ENTRIES SHOWN.
------
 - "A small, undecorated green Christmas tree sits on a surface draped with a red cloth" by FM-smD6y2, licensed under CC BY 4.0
------
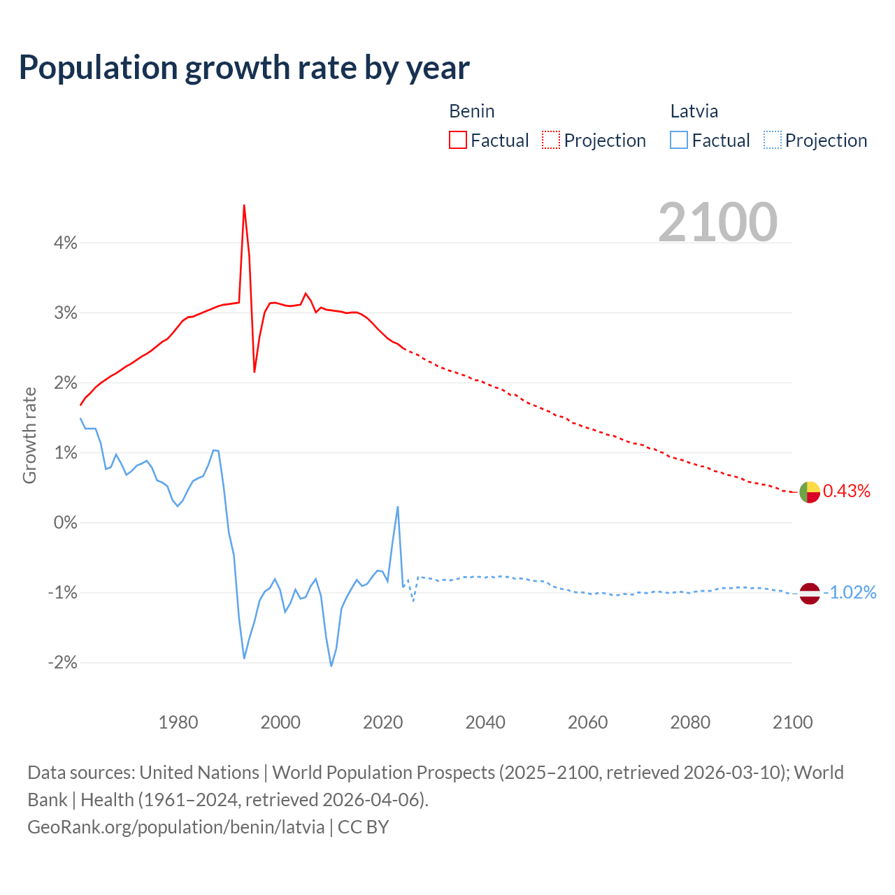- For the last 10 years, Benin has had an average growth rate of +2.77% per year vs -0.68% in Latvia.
------
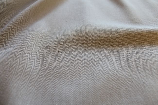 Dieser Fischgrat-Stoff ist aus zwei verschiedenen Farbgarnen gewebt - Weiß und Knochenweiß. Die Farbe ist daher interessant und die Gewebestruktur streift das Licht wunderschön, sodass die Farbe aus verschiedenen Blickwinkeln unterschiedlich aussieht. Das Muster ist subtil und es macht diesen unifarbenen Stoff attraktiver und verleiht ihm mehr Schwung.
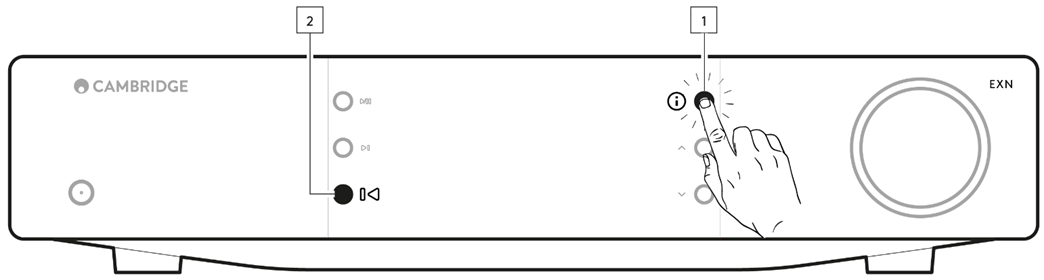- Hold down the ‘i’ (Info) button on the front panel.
------
WHAT YOU HAVE TO DO. Return exactly the lines of the material above, starting at the line containing "Dieser Fischgrat-Stoff ist" and finishing at the line containing "- Hold down", without any pictures.

WRITTEN ANSWER.
 Dieser Fischgrat-Stoff ist aus zwei verschiedenen Farbgarnen gewebt - Weiß und Knochenweiß. Die Farbe ist daher interessant und die Gewebestruktur streift das Licht wunderschön, sodass die Farbe aus verschiedenen Blickwinkeln unterschiedlich aussieht. Das Muster ist subtil und es macht diesen unifarbenen Stoff attraktiver und verleiht ihm mehr Schwung.
- Hold down the ‘i’ (Info) button on the front panel.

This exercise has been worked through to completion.